- Collected material:
◇ ◇ ◇ ◇
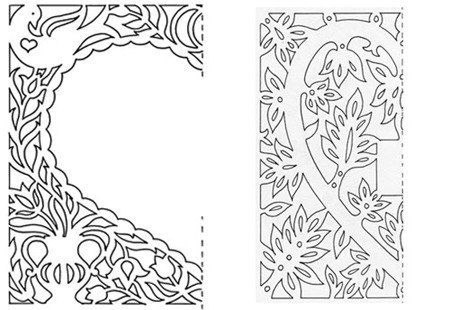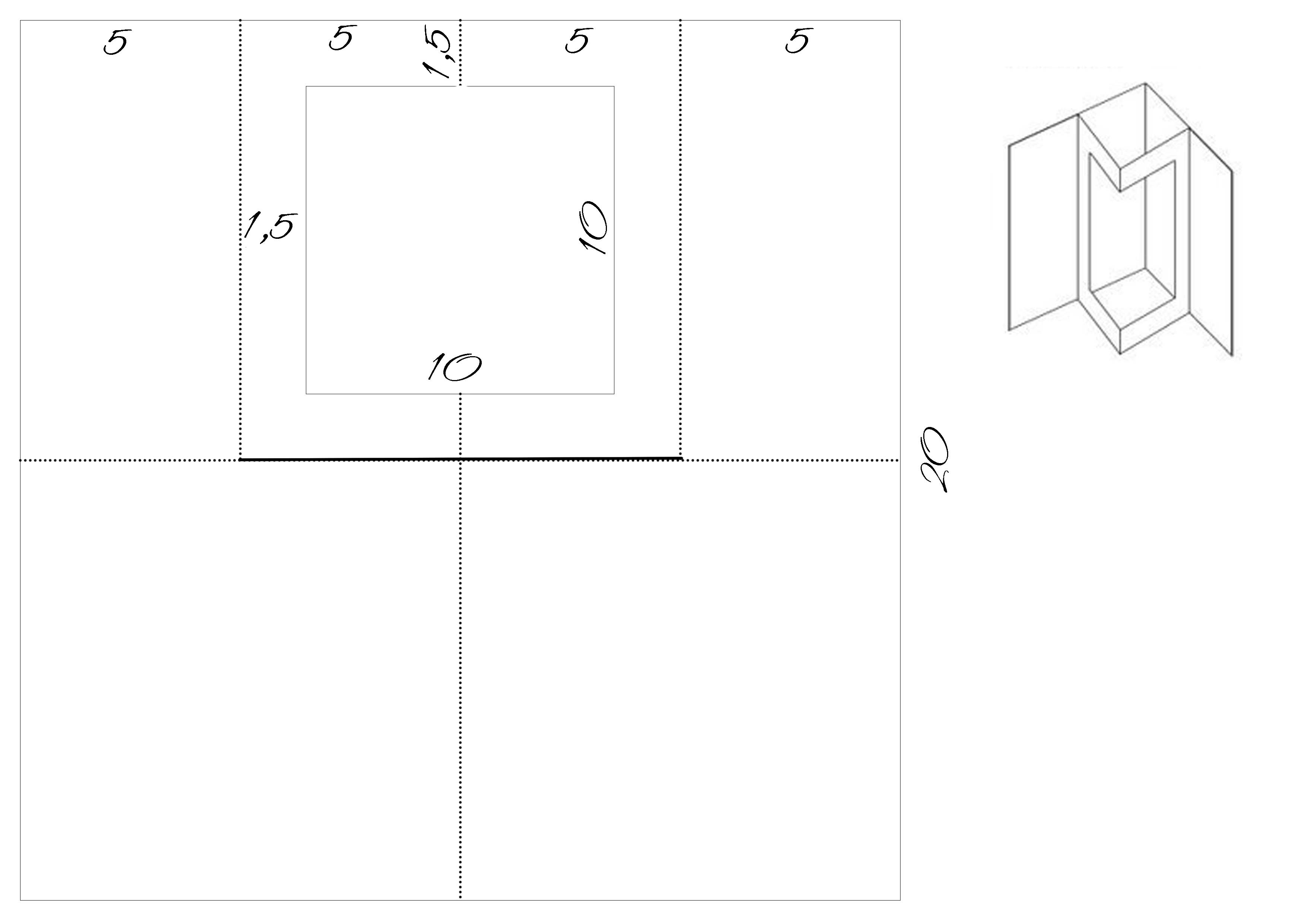 по вертикальным линиям делаем биговки, а по горизонтальным прорезаеми загибаем так как показано на картинке с готовой открыткой
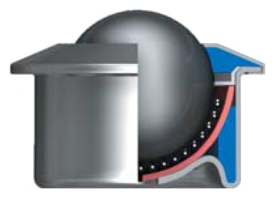 Kuličková podpěra EURO nerez provední s koulí průměr 45mm. Průměr jednotky pro uložení 62mm. Celková výška 53,5mm. Nostnost 250kg. Se zvyšenou odolností proti nárazu.
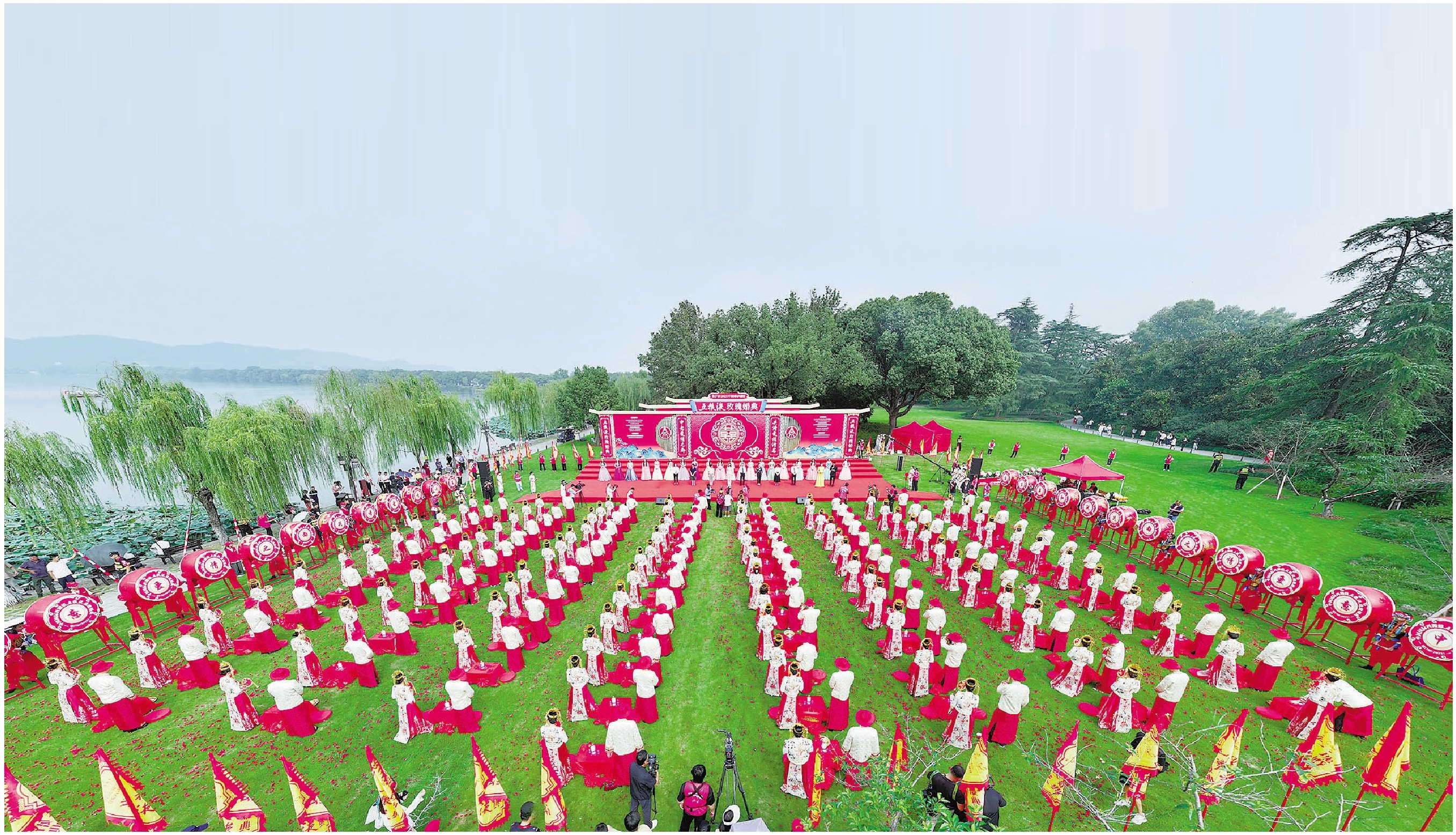 “我们希望通过这场传世婚典,为海内外新人留下难忘而甜蜜的回忆,向世界展示‘爱情之都’杭州的深厚文化底蕴。”婚典组委会主任、总导演王松法表示,婚典将助力和美婚恋价值观与中式婚俗文化在世界舞台绽放动人光彩,也为杭州“爱情之都”的盛誉,再添一抹浪漫色彩。
◇ ◇ ◇ ◇
- What is required: Only the text of the listing above is copied, exactly as written; its pictures are dropped.

- Exercise response:
 по вертикальным линиям делаем биговки, а по горизонтальным прорезаеми загибаем так как показано на картинке с готовой открыткой
 Kuličková podpěra EURO nerez provední s koulí průměr 45mm. Průměr jednotky pro uložení 62mm. Celková výška 53,5mm. Nostnost 250kg. Se zvyšenou odolností proti nárazu.
 “我们希望通过这场传世婚典,为海内外新人留下难忘而甜蜜的回忆,向世界展示‘爱情之都’杭州的深厚文化底蕴。”婚典组委会主任、总导演王松法表示,婚典将助力和美婚恋价值观与中式婚俗文化在世界舞台绽放动人光彩,也为杭州“爱情之都”的盛誉,再添一抹浪漫色彩。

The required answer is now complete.